Step 2: Upgrade the Database
- Do not proceed before you have edited the configuration files as instructed in Step 1.
- Before running the database upgrade tool, copy or symbolically link the JDBC driver JAR for the database you are using into the /var/lib/oozie/ directory.
Oozie CDH 5 provides a command-line tool to perform the database schema and data upgrade that is required when you upgrade Oozie from CDH 4 to CDH 5. The tool uses Oozie configuration files to connect to the database and perform the upgrade.
- To run the Oozie database upgrade tool against the database:
Important: This step must be done as the oozie Unix user, otherwise Oozie may fail to start or work properly because of incorrect file permissions.

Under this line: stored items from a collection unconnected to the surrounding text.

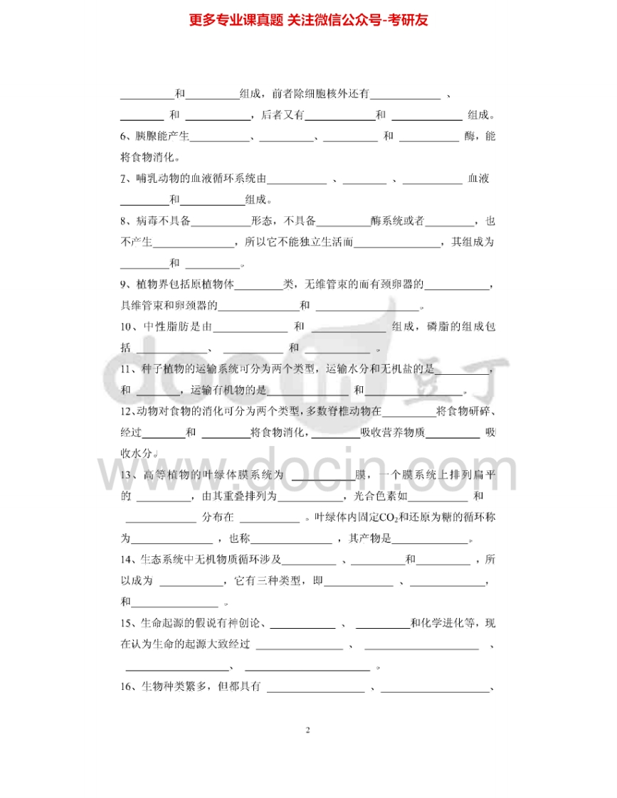 中国科学院大学846普通生物学2004-2007、2009、2012-2014考研真题汇编.Image.Marked猴哥6个月前发布关注私信1.22MB20页09040中国科学院大学846普通生物学2004-2007、2009、2012-2014考研真题汇编.Image.Marked此内容为免费资源,请登录后查看¥0 登录查看免费资源 第1页 / 共20页 第2页 / 共20页 第3页 / 共20页 该文档为免费文档,您可直接下载完整版进行阅读 © 版权声明文章版权归作者所有,未经允许请勿转载。THE END《中国科学院大学》(846)普通生物学考研资料考研专业课 喜欢就支持一下吧点赞40赞赏 分享QQ空间微博QQ好友海报分享复制链接收藏
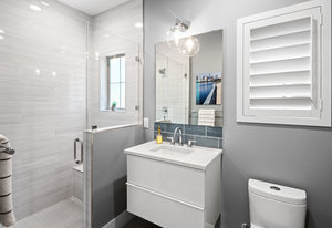 The large kitchen is truly the heart of this home. Equipped with stainless steel appliances and ample counter space, it creates an environment perfect for those who love cooking or entertaining guests. Indulge in the luxury of frameless glass showers in each bathroom that add a touch of sophistication.
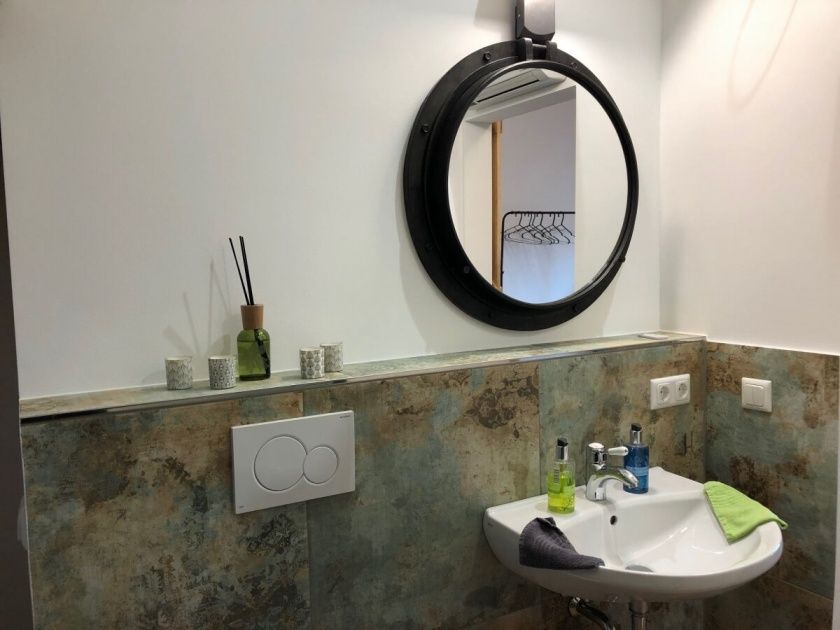 - Badezimmer mit Dusche, Badewanne und WC
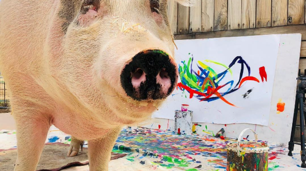 來見見這隻風靡藝術界的豬豬 Pigcasso 吧!體重一千磅的 Pigcasso…
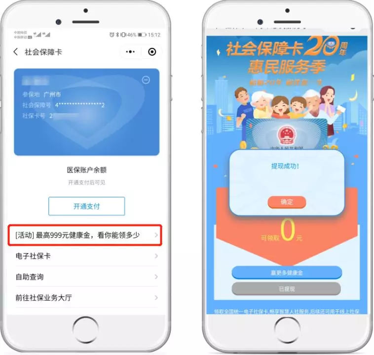 綁定電子社保卡后,可通過(guò)社??ㄔ斍轫?yè),回到活動(dòng)首頁(yè),點(diǎn)擊“提現(xiàn)到零錢(qián)”,馬上提現(xiàn)。
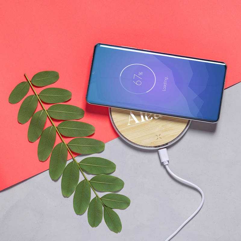 NOVINKA 2025. Nature line, wireless charging base in bamboo wood. Non-slip base, compatible with devices equipped with wireless charging technology and presented in an attractive design box. USB cable included.

$ sudo -u oozie /usr/lib/oozie/bin/ooziedb.sh upgrade -run
You will see output such as this (the output of the script may differ slightly depending on the database vendor):Validate DB Connection DONE Check DB schema exists DONE Verify there are not active Workflow Jobs DONE Check OOZIE_SYS table does not exist DONE Get Oozie DB version DONE Upgrade SQL schema DONE Upgrading to db schema for Oozie 4.0 Update db.version in OOZIE_SYS table to 2 DONE Post-upgrade COORD_JOBS new columns default values DONE Post-upgrade COORD_JOBS & COORD_ACTIONS status values DONE Post-upgrade MISSING_DEPENDENCIES column in Derby DONE Table 'WF_ACTIONS' column 'execution_path', length changed to 1024 Table 'WF_ACTIONS, column 'error_message', changed to varchar/varchar2 Table 'COORD_JOB' column 'frequency' changed to varchar/varchar2 DONE Post-upgrade BUNDLE_JOBS, COORD_JOBS, WF_JOBS to drop AUTH_TOKEN column DONE Upgrading to db schema for Oozie 4.0.0-cdh5.0.0 Update db.version in OOZIE_SYS table to 3 DONE Dropping discriminator column DONE Oozie DB has been upgraded to Oozie version '4.0.0-cdh5.0.0’ The SQL commands have been written to: /tmp/ooziedb-3809837539907706.sql
- To create the upgrade script:
Important:
This step must be done as the oozie Unix user, otherwise Oozie may fail to start or work properly because of incorrect file permissions.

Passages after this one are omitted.